═════ RECORDS SHOWN ═════

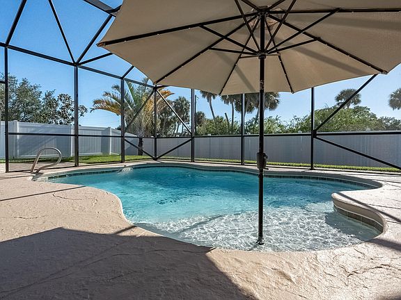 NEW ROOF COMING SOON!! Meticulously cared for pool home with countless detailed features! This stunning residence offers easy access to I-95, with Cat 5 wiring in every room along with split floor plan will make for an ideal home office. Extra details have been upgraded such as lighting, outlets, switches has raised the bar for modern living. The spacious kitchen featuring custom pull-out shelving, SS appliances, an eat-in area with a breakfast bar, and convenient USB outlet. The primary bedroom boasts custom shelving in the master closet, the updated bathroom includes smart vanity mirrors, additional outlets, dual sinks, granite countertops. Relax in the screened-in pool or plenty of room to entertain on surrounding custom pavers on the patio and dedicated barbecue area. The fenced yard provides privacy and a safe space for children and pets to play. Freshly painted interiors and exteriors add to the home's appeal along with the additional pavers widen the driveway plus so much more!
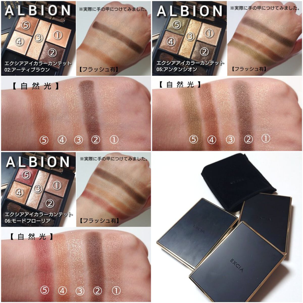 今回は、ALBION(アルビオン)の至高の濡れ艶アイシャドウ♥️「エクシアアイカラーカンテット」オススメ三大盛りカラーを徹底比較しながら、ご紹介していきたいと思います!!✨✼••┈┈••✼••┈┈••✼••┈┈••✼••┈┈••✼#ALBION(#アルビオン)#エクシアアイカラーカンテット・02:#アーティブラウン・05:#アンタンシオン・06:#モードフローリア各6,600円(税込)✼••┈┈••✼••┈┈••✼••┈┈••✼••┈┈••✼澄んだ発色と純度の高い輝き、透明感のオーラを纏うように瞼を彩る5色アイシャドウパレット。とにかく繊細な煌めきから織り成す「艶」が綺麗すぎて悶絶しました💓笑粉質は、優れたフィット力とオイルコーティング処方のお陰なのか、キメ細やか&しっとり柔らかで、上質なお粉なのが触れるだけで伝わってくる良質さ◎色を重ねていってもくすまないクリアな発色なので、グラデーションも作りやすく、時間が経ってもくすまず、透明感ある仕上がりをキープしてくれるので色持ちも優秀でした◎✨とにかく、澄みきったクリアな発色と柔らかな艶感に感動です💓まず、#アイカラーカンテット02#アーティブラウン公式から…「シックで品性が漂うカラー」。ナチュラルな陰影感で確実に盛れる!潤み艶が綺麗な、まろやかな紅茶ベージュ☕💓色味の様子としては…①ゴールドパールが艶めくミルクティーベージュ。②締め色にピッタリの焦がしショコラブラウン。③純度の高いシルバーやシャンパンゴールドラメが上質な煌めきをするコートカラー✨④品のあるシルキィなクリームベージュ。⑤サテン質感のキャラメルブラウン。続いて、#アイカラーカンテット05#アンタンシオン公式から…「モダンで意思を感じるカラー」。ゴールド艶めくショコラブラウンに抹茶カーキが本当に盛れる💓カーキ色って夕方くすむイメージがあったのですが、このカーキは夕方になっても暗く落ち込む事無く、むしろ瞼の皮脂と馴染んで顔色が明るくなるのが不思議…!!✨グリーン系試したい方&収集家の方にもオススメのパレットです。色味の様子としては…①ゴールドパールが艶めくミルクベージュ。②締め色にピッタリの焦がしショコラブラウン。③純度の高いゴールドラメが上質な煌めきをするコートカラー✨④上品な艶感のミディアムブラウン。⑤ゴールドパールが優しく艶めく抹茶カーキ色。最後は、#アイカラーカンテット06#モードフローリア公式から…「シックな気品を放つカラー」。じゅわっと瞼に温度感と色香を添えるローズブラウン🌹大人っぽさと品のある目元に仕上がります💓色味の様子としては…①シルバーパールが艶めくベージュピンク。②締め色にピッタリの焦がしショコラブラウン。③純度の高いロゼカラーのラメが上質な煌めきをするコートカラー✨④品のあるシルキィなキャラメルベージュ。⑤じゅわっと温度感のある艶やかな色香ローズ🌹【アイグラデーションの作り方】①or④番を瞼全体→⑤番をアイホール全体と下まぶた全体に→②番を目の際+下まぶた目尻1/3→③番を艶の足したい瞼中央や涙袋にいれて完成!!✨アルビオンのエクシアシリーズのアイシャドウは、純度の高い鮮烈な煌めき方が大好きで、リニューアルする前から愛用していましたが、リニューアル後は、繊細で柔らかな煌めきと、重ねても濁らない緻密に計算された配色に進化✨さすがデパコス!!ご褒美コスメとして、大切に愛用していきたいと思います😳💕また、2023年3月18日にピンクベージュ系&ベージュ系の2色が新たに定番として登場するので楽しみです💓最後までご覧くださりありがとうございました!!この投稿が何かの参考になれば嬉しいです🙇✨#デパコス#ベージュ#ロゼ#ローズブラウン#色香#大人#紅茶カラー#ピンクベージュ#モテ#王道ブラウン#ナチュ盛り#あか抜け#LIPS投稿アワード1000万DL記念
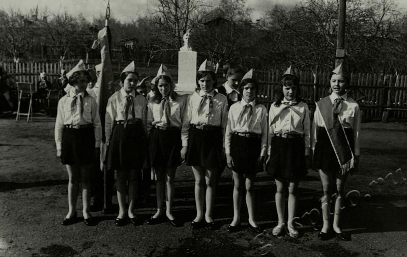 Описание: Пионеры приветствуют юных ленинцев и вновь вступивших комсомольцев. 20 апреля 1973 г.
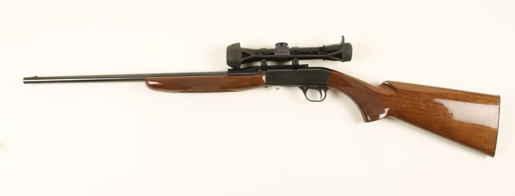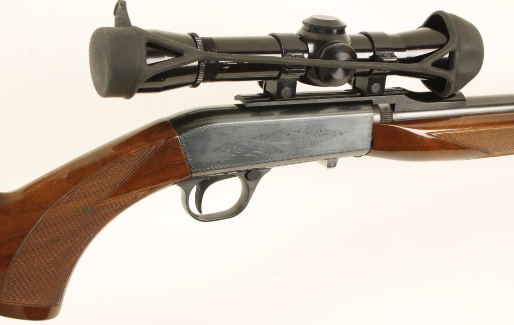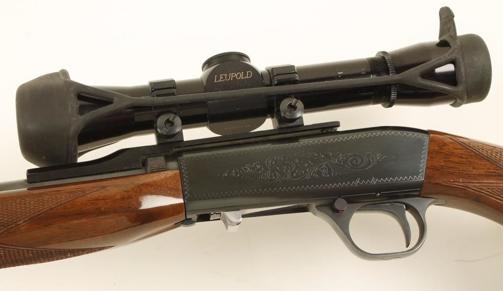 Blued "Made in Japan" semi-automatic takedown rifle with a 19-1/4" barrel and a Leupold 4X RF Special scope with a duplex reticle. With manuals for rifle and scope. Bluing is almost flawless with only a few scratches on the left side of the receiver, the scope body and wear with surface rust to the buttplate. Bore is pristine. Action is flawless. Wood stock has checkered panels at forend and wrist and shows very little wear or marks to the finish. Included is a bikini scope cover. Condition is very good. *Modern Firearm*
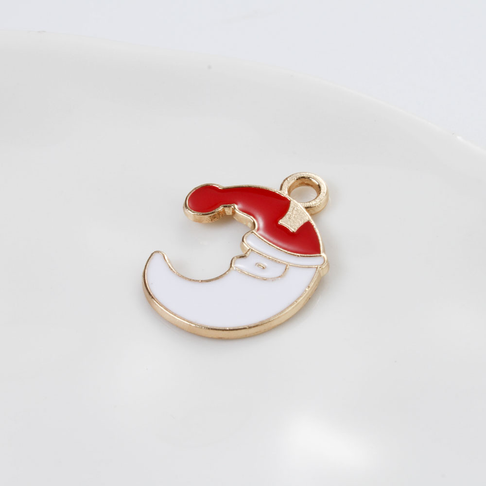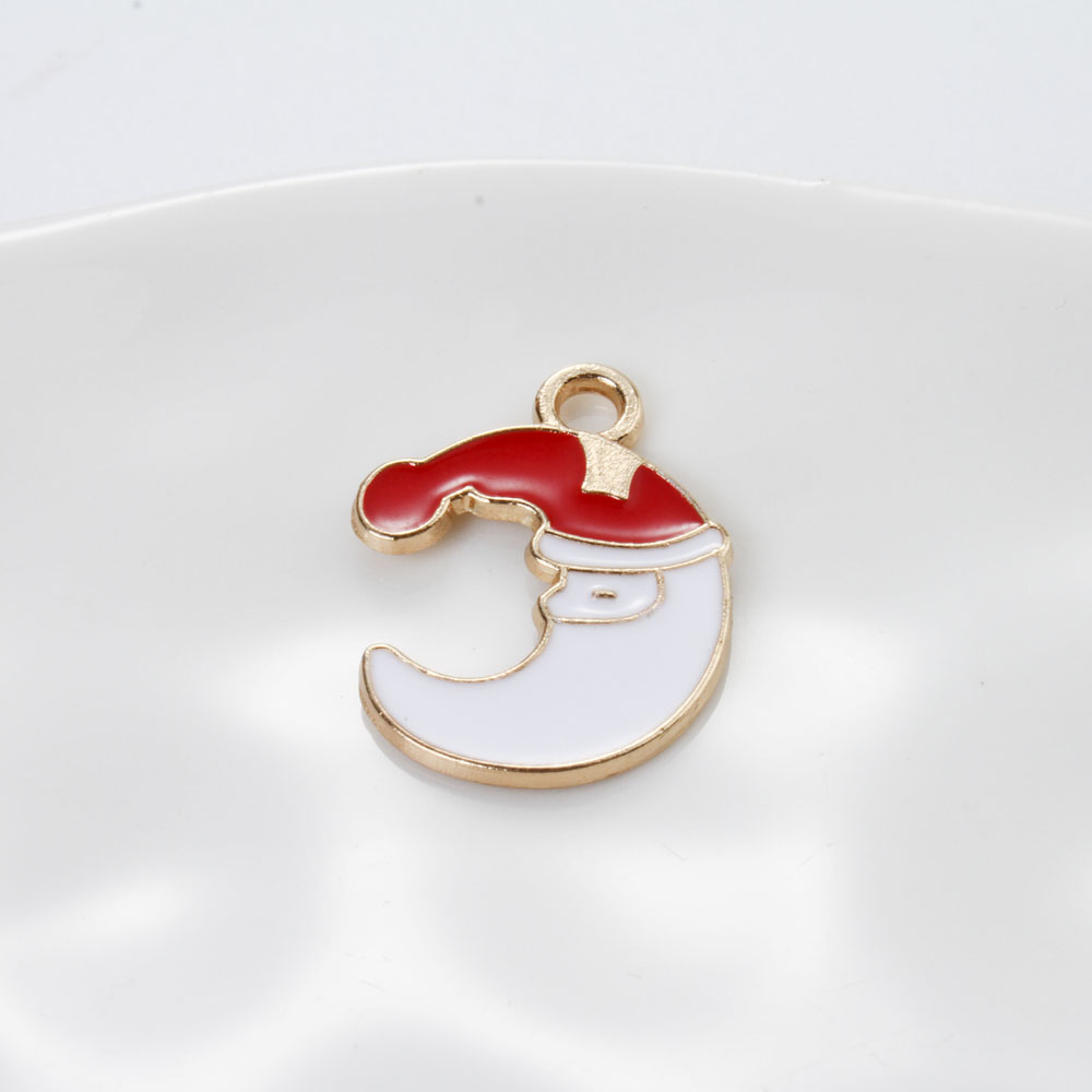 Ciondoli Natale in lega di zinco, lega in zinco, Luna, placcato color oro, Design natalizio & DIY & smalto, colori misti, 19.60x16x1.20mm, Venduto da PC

═════

**TASK BRIEF**. Repeat nothing but the lines from the one containing "good. *Modern Firearm*" through the end of the entries, exactly, and skip the pictures.

**EXPECTED ANSWER**.
 Blued "Made in Japan" semi-automatic takedown rifle with a 19-1/4" barrel and a Leupold 4X RF Special scope with a duplex reticle. With manuals for rifle and scope. Bluing is almost flawless with only a few scratches on the left side of the receiver, the scope body and wear with surface rust to the buttplate. Bore is pristine. Action is flawless. Wood stock has checkered panels at forend and wrist and shows very little wear or marks to the finish. Included is a bikini scope cover. Condition is very good. *Modern Firearm*
 Ciondoli Natale in lega di zinco, lega in zinco, Luna, placcato color oro, Design natalizio & DIY & smalto, colori misti, 19.60x16x1.20mm, Venduto da PC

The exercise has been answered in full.